SENS stands for the Strategies for Engineered Negligible Senescence, a detailed research plan that outlines how to develop therapies capable of repairing all of the forms of cellular and molecular damage that cause aging. Once realized this package of therapies will be capable of reversing the degenerative effects of aging in the old, producing actual rejuvenation. Development and growth of the less well funded lines of SENS research is largely coordinated by the SENS Research Foundation, a charitable organization supported by prominent philanthropists and noted researchers. Other SENS projects have much better and broader support, and a growing number of independent research groups and companies are working on aspects of the whole. The SENS Research Foundation funds research groups in well-known laboratories in the US and Europe and its founders regularly advocate for more resources to be directed towards the goal of human rejuvenation.

Each of the fundamental forms of damage that together cause aging is addressed in the SENS plan and is the subject of ongoing scientific research and in some cases development of clinical therapies:

1) Stem cell research and regenerative medicine are providing very promising answers to degeneration caused by cell loss. This is the only area where little needs to be done other than watch the existing research community work on the problem.

2) SENS proposes the removal of all telomere-lengthening mechanisms as a way to eliminate cancer as a possibility in human biology. Without these mechanisms cancers cannot grow or replicate. Either drugs or gene therapies might be used to block telomere elongation genes.

3) The SENS approach to mitochondrial DNA damage is to use gene therapy to copy mitochondrial DNA into the cellular nucleus. A number of other potential strategies exist to replace or repair mitochondria and their DNA; there are many options for the near future treatment of this form of damage.

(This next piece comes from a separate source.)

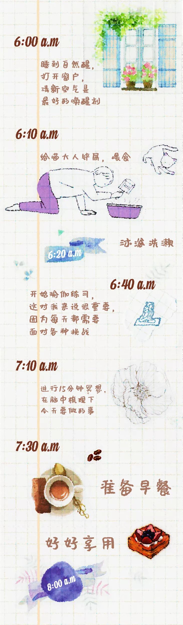 我们请设计师按照小早的作息画了一幅她每天早上的日程表:
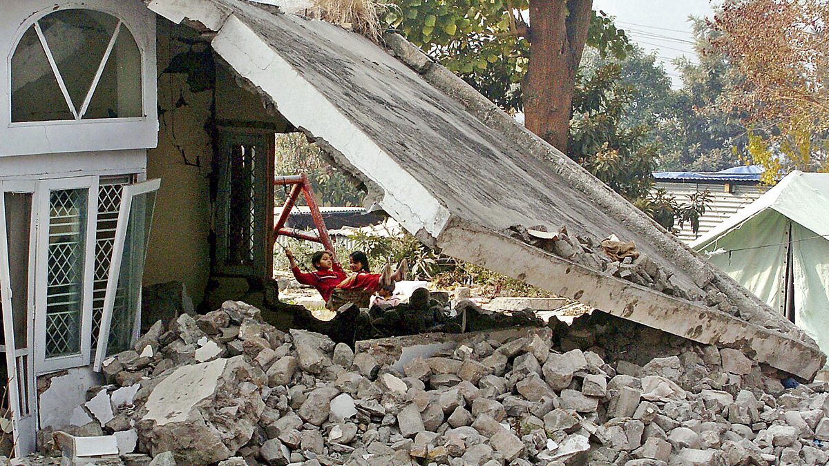 (Photo: Pakistani Kashmiri girls play outside a collapsed house in the devastated city of Muzaffarabad, the capital of Pakistan controlled Kashmir, 2005. Credit to Getty Images)

4) The chemical gunk that glues together and alters vital proteins in the extracellular matrix outside our cells, producing harmful effects such as stiffening of blood vessels, is overwhelmingly made up of a compound called glucosepane. Researchers can work to design drugs to safely break down and remove glucosepane.

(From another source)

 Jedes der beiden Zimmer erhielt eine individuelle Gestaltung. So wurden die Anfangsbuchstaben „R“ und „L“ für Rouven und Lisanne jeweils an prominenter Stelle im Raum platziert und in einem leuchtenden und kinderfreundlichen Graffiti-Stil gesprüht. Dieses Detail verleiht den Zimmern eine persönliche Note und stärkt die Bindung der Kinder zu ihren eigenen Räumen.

5) A number of strategies can be used to selectively destroy senescent cells, many of which are presently under development in the cancer research community: there are many similarities between methods that might be used to identify and destroy cancer cells versus senescent cells. For example, researchers could instruct a patient's immune cells to target senescent cells for destruction based on their distinctive surface chemistry, a technique that is very much an ongoing concern in cancer research.

6) Immune therapies are also a potential way to target and destroy amyloid, and are currently under development as a treatment for Alzheimer's disease, a condition featuring prominent amyloid plaques.

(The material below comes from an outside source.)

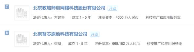 这些公司中,在线教育领域的有两家公司,分别是北京教培师训网络科技股份有限公司和北京知识印象科技有限公司。其中,北京教培师训网络科技股份有限公司(主要产品是中国教师教育网)曾申请新三板挂牌,而“东辰”则在北京教培师训网络申请挂牌前夕,花600万元获得了该公司1.5%的股权。北京知识印象科技有限公司是作业盒子的实体公司,2015年7月,刘强东和东辰共同投资了作业盒子,共同持股约5%。

7) To break down and remove resilient metabolic waste inside our cells, scientists can work to identify bacterial enzymes to efficiently perform the cleanup tasks that the body cannot handle. We know that these enzymes exist because no residues of these damaged proteins remain in graveyards and other, similar locations.

SENS is important because despite progress in science and advocacy it remains one of the very few rallying points within the scientific community for those interested in creating the means for human rejuvenation, and certainly still the most important of these groups. It is the only organization accepting charitable donations specifically to fund the research needed to realize rejuvenation therapies. Further, at this point the cost of completing all of the different SENS therapies to the point at which rejuvenation trials can run for laboratory animals is comparable with the cost of trying to develop a single drug to slow aging. In fact the estimated cost of SENS has already been spent several times over in the past decade on various lines of research into age-slowing drugs, none of which have yet produced meaningful results.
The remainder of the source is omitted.